Who are the customers of SaaS?
The SaaS model is widely used in the business-to-business space by companies who need software for human resource management (HRM), customer relationship management (CRM), enterprise resource planning (ERP), and other business management solutions. With more than 100,000 customers, Salesforce.com is one of the leaders in SaaS and is the leading SaaS CRM.
According to Forrester Research, “SaaS is the leading factor driving system replacements and net new investments in applications.” This means many companies are moving away from on-premises legacy systems and are choosing to roll out cloud-based business management solutions.
Due to the flexible characteristics of SaaS as a distribution model, cloud-based counterparts of staple industry applications are continuously being developed.
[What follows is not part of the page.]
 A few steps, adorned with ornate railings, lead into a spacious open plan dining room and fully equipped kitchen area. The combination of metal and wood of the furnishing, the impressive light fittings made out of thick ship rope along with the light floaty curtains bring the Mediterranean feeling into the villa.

Finance, business intelligence, and even consumer-facing software companies are looking to the SaaS model for future iterations of their offerings.
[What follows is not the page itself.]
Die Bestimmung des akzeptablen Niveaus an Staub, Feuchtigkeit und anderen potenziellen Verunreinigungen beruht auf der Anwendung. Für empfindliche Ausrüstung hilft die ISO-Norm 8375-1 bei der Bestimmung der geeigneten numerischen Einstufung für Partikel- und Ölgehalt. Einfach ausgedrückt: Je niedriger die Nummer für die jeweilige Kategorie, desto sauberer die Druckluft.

Saas History: ASP as the precursor to SaaS
In the 1960s, IBM and other mainframe computer companies have provided business services to clients who don’t have the resources and expertise to incorporate certain processes internally. Also called service bureau business, mainframe computer companies offered services like data storage and use of their machines’ computing power. This is seen as a precursor to the SaaS we know today.
With the internet’s exponential boom in the 1990s, Application Service Providers (ASP) emerged to respond to the growing need for centralized computing. ASPs supplied much needed specialized business applications which they hosted and managed for their clients as well. ASP frontrunners during that time were Usi in Washington and Futurelink Corp. in California.
SaaS and ASP
The current SaaS model is a direct extension and development of what the ASPs delivered. ASPs in the 90s used the SaaS distribution model, although in more specific areas. ASPs hosted and managed business applications created by third-party vendors while SaaS companies create their own. ASPs typically offered applications that had to be installed and stored in the client’s service whereas SaaS providers deliver their software through the cloud.
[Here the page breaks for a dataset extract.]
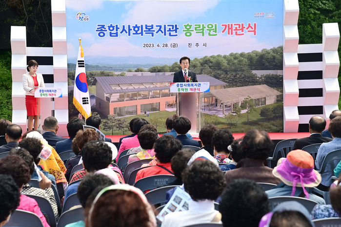 [프레스뉴스] 정재훈 기자= 진주시는 28일 문산읍 월아산로1048번길 26-11에서 조규일 진주시장과 국회의원, 도·시의원, 노인복지 관계자, 지역사회단체장, 시민 등 100여 명이 참석한 가운데 종합사회복지관 홍락원 개관식을 가졌다.

With relative newcomers like Google constantly blazing the trail to uncover new opportunities in SaaS and established enterprise companies like Oracle and Adobe moving their services swiftly to the cloud, the rise of SaaS companies–and the growing appetite of businesses and consumers for SaaS solutions–is undeniable.
Benefits of SaaS
When a client purchases from a SaaS provider, the application can quickly be installed and configured to their existing systems–ready for immediate use. This slashes the long turnaround time of previous software applications. Before SaaS, companies had to spend months sorting out IT infrastructure requirements, preparing for data migration, and prototyping applications for their particular needs.
The main purchase cost involved in SaaS is licensing.
There is no need to purchase new hardware or added data servers to accommodate new applications. Instead of having to spend resources on infrastructure requirements, SaaS providers supply application program interfaces (APIs) which allow their software and your existing systems to work together. Some SaaS applications are simply web-based and can be accessed and used within standard consumer web browsers like Google Chrome and Mozilla Firefox.
Generally, license contracts are month-to-month (pay-as-you-go), with incentives for clients who choose to sign annually. This model allows businesses to test out the fit and effectiveness of the software with their operations and goals before making long-term commitments.
Cloud-based applications supplied through the SaaS model are highly scalable. Clients typically can choose to purchase more licenses, add more features, and request added services on-demand.
The choice to add more users to a contract as a company scales also doesn’t come with typical security and IT headaches that were common in client-server applications. In SaaS, contracts often include provisions for upgrades, uptime, support, and security.
With the widespread adoption of SaaS across industries, data security and uptime problems are non-issues.
SaaS and the future
Countless organizations and software developers are entering the SaaS space either by building new software applications or by creating a SaaS roadmap for existing software. SaaS integration platforms (SIPs) are also emerging which further streamlines and hastens the development of new cloud-based software solutions. Those that can adapt along with the quickly evolving SaaS software landscape will be assured of continued success.
FREE WHITE PAPER: Preparing Your Enterprise for the General Data Protection Regulation
With the stringent privacy regulation going into full effect May of 2018, it’s important to understand what all the requirements are for compliance. The report herein explains who the key GDPR players should be for your business, what the penalties are for non-compliance, and more.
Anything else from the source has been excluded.